From Now On, Betting Strictly on ETFs
The market is finally beginning to exhibit a more typical level of volatility. That’s not surprising, given the emergence of political factors, national and international, that are starting to have an economic impact.
For instance, the recent arrests in Saudi Arabia of large numbers of the elite business and ruling class certainly raise a possibility of internal upheaval that eventually could impact oil production. And missiles fired on Saudi Arabia from Yemen invoke worrisome thoughts of potential damage to Saudi oil fields.
Still, such events have raised less alarm than they would have in days gone by, simply because today the U.S. produces a far larger portion of the oil it needs, making it less dependent on imports.
On the home front, the battle goes on as to what sort of tax package will emerge from Congress, if indeed any emerges at all. Other uncertainties include how the Fed, under incoming head Jerome Powell, will react to whatever comes down the Congressional pike.
In all, the backdrop has become more rife with economic uncertainty, as opposed to mere political uncertainty, than at any time in the recent past. Volatility measures have risen correspondingly. Fortunately, we are heading into a seasonally favorable time, which should help keep the market on an even keel a while longer.
Back to Basics
Now for our indicators. After six months or so of experimentation, we have concluded that we need to get back to the basics, because that works best for us. That means limiting our recommendations – calls or puts – strictly to ETFs and for those of you with futures accounts, to recommendations on buying and selling futures on market sectors and indexes.
It simply hasn’t worked to try to go a step further by betting on an individual stock following a buy or sell signal on an ETF. Our indicators are not designed as single-stock indicators. Our recommendation of Continental Resources (NYSE: CLR) is a case in point. While the trade was not inconsistent with the negative signal from our oil indicators, the stock followed its own path. In the same way, stocks in the S&P 500 can go up or down regardless of how the overall index performs.
Which isn’t to say that none of our stock picks have worked out. We did just fine with Applied Materials (NASDAQ: AMAT) and Suncor Energy (NYSE: SU) as well as with other trades in the past. But overall, when we’ve attempted to use our indicators to do more than what we constructed them to do, which is to forecast the direction of ETFs, we’ve been disappointed with the results.
Therefore, going forward, we are returning to our roots and will stick to puts and calls on ETFs. To keep things exciting, though, we will attempt to develop a broader range of ETFs on which to make recommendations.
For the record, if we single out our ETF recommendations, we have been correct on 30 out of 36. In all due modesty, that’s an exceptional performance, since the probability of making money on any particular call or put is around 30 percent or below.

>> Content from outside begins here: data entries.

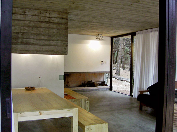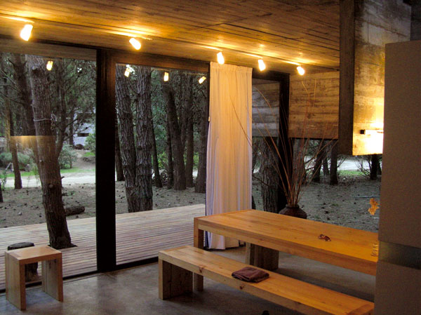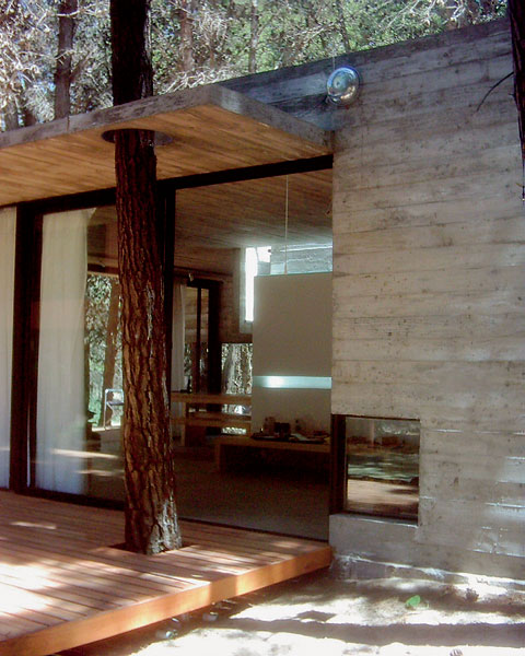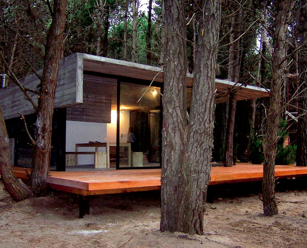 Lokalita Bosque de Mar Azul na východnom pobreží Argentíny je blízko pri ceste P11, ktorá vedie pozdĺž atlantického pobrežia z hlavného mesta do Mar del Plata. Je to asi len hodinka cesty autom do Madel, ako hovoria domáci sedemstotisícovému mondénnemu letovisku. Obrovské dvanásť a pol miliónové Buenos Aires je ďaleko, takmer štyristo kilometrov na severozápad. Práve tu, neďaleko vychýrených pláží, sa trojica argentínskych architektov rozhodla tráviť dovolenky. Uprostred borovicového hája si postavili dom, ktorý splýva s okolitou prírodou – jednoduchý, nie drahý a nenáročný na udržiavanie.
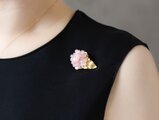 桜のデザインのコサージュやブローチが特に人気です。
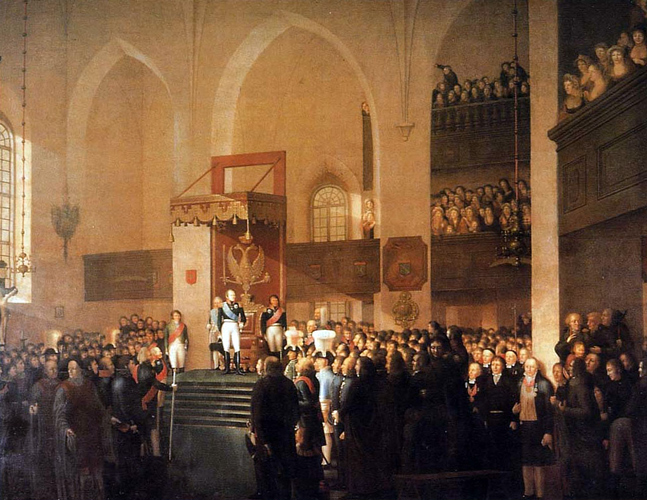 © Анастасия Верескун Трон Александра I в Национальном музее Финляндии, г. Хельсинки В марте 1809 года на сейм в Порвоо собрались представители сословий. Александр торжественно открыл собрание, прошла служба в кафедральном соборе, был устроен бал. 29 марта сословия принесли клятву верности императору, а он, в свою очередь, даровал им гарантии суверенитета под правым орлиным крылом.
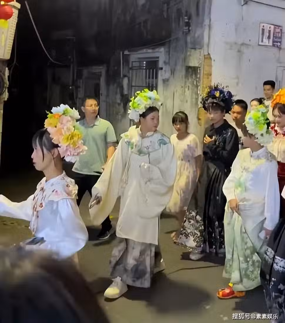 全紅嬋戴簪花和弟弟妹妹合影,全紅月變漂亮了,全進鵬比姐姐高

To further quantify the record, we constructed a hypothetical situation in which followers of our indicators take whatever money they want to dedicate to options speculations and invest one-third of that sum in any recommendation we make. This would imply, of course, that we never have more than three recommendations at any given moment. For the purposes of computing longer-term portfolio gains, the gain or loss in any recommendation should be divided by three, reflecting results for your portfolio based on that trade.
Going back to the start of 2016, when we began using these indicators, we found that following this system for the 36 recommendations we’ve made since then and compounding the gains (and losses), our options would have advanced more than fourfold, for an annualized gain of more than 100 percent. (For anyone who wants to check these claims, the trades are listed and we have scanned pictures of entry and exit points.)
The reason I’m going into such detail isn’t to brag. Rather it’s to explain that while we realize some subscribers are hungry for more action, we can’t provide it in good faith because it has turned out that more action is inconsistent with the mission of this publication, which is to use our indicators for maximum gains.
Of course, we’re well aware, and you should be too, that our past results don’t guarantee comparable results in the future. But we have confidence that as long as we use our indicators in the way we intended, you will come out well ahead and of course we will be constantly striving to generate the greatest returns for you. In the near future we expect our indicators will be giving us the go-ahead to initiate trades, most likely in oil (negative), bonds (positive), or perhaps stocks (still negative).